The northwestern portion of Stary Służew includes the neighbourhood with low-rise neighbourhoods with detached and semi-detached single-family houses, between Fosa Street, Nowoursynowska Street, Arbuzowa Street, and Warsaw Escarpment. It also includes apartment buildings at the corner of Nowoursynowska Street and Dolina Służewska Street.

The area also features the Fort VIII, located between Dolinaka Służewiecka Street and Nowoursynowska Street, a historical decommissioned fortification from the 19th century. Currently, it houses the Fort 8 shopping centre.
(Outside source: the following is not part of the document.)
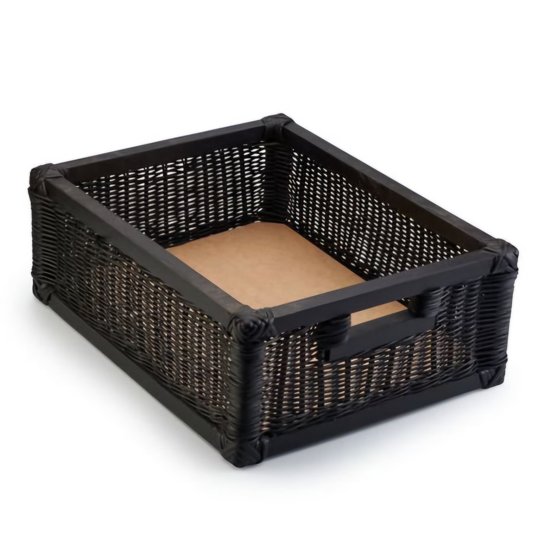 Part of the modern rustic collection, this black wicker basket unit is perfect for those seeking a stylish storage option that complements a variety of decor themes. Its subtle color blends well with diverse color schemes.

Next to it is also located the privately owned recreational Eighth Park (Polish: Ósmy Park). There is also the St. Catherine's Church of Catholic denomination, at 17 Fosa Street, built in the 19th century, which is the seat of the oldest parish in Warsaw, dating to 1238, as well as Służew Old Cemetery, which was founded in the 13th century. Additionally, next to the church is placed the Monument to the 1944–1956 Communist Terror Martyrs by Maciej Szańkowski and Sławomir Korzeniowski, which is dedicated to the political prisoners executed by the communist regime between 1945 and 1956.
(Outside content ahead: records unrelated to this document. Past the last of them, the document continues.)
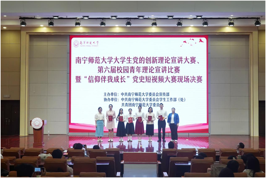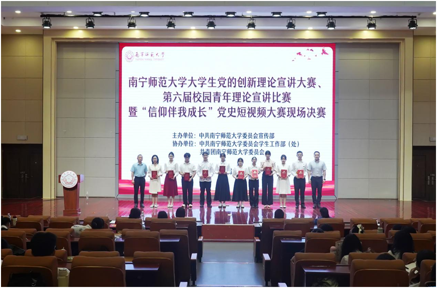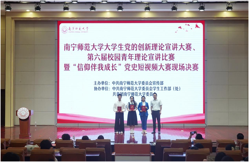 9月27日,由校党委宣传部主办,党委学生工作部(处)、校团委协办的beat365平台官方网站大学生党的创新理论宣讲大赛、第六届校园青年理论宣讲比赛暨“信仰伴我成长”党史短视频大赛现场决赛在五合校区举行。学校党委宣传部部长纪明担任评委并致辞,党委学生工作部部长刘君宇、马克思主义学院党委书记李玲、法学与社会学院副院长(主持工作)吴少进、校团委副书记何俊斌应邀担任评委。近300名师生现场观摩决赛。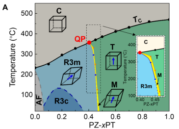 这次,该团队换了一个思路:不再和材料本身的脾气硬碰硬,而是给其创造一个能够完美发挥的工作环境。他们在传统锆钛酸铅压电陶瓷中找到了一个在温度和在成分相图上极为特殊的点——四相点。这是一个热力学上的奇点,在这个点上,材料的四种不同晶体结构(立方、四方、单斜、菱方)可以和平共存,达到了一个热力学上的临界状态,就像让水、冰、水蒸气同时稳定存在一样。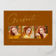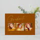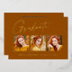 Clean, trendy, modern and elegant "3 Photo" graduation announcement gold foil cards (your choice of gold silver or rose foil), featuring design elements of modern text with a unique calligraphy ink script. The graduate's photos are accented with a delicate & minimalist partial boarder. The back of the card offers personalised text spaces for information about your graduation or can be cleared if you wish to hand write a message. Burnt orange, rust colours with gold foil or easily customise the background to match your school's primary colour or any colour of your choice. Perfect for the high school, college and university grad student senior.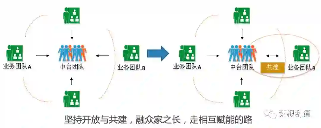 中台的建设是一把手工程,没有自上而下的推动,中台是很难落地的。所以中台变革的第一步就是组织架构的调整,需要建立一个中台团队来负责组织、协调和建设。

The southern portion of Stary Służew contains the campus of the Warsaw University of Life Sciences. It includes the Krasiński Palace, at 166 Nowoursynowska Street, which currently serves as the seat of the university authorities. Additionally, the campus annually hosts Ursynalia, one of the largest music festivals in Poland.
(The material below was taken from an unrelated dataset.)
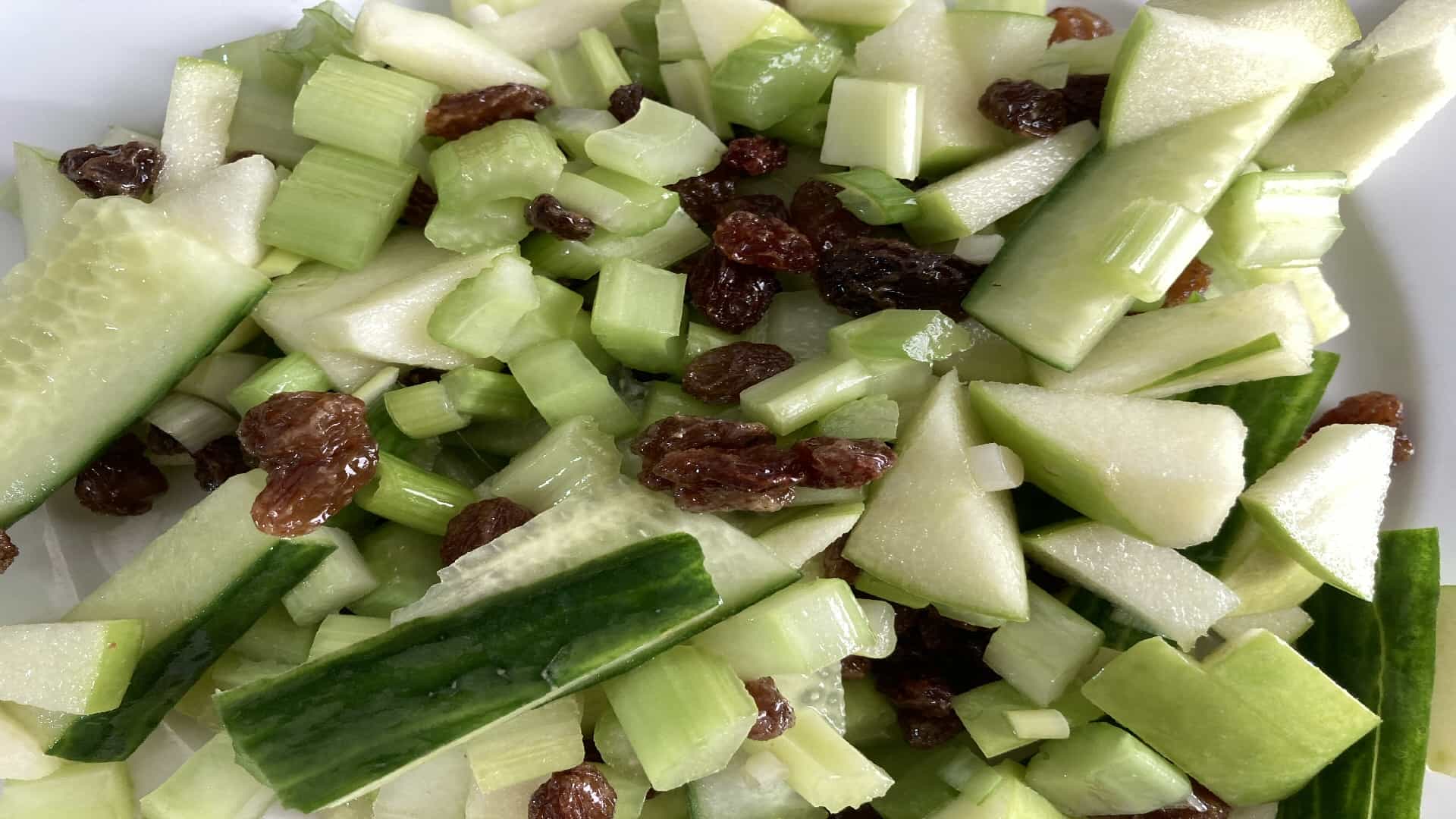 - Snij de appel in kleine blokjes en 1/3 van de komkommer in plakjes en in stukjes.

The northeastern portion of Stary Służew includes the Ursynów Escarpment Nature Reserve, made from woodland and swamp on the Warsaw Escarpment. There is also the historical remains of the Gucin Grove garden complex, including the catacombs.

== Location and boundaries ==
Stary Służew is a City Information System area located in Warsaw, Poland, within the northeastern portion of the district of Ursynów. To the north, its border is determined by Dolina Służewiecka Street; to the east, by Wilanów Avenue, Fosa Street, Służewiec Stream, Arbuzowa Street, and around campus of the Warsaw University of Life Sciences; to the south by Ciszewskiego Street; and to the west by Jana Rodowicza "Anody" Avenue and around possessions on Chłapowskiego Street.

It borders Służew, and Stegny to the north, Błonia Wilanowskie to the east, Ursynów-Centrum to the south, and North Ursynów to the west. Its northern and eastern boundaries form the border of the district of Ursynów, bordering districts of Mokotów and Wilanów.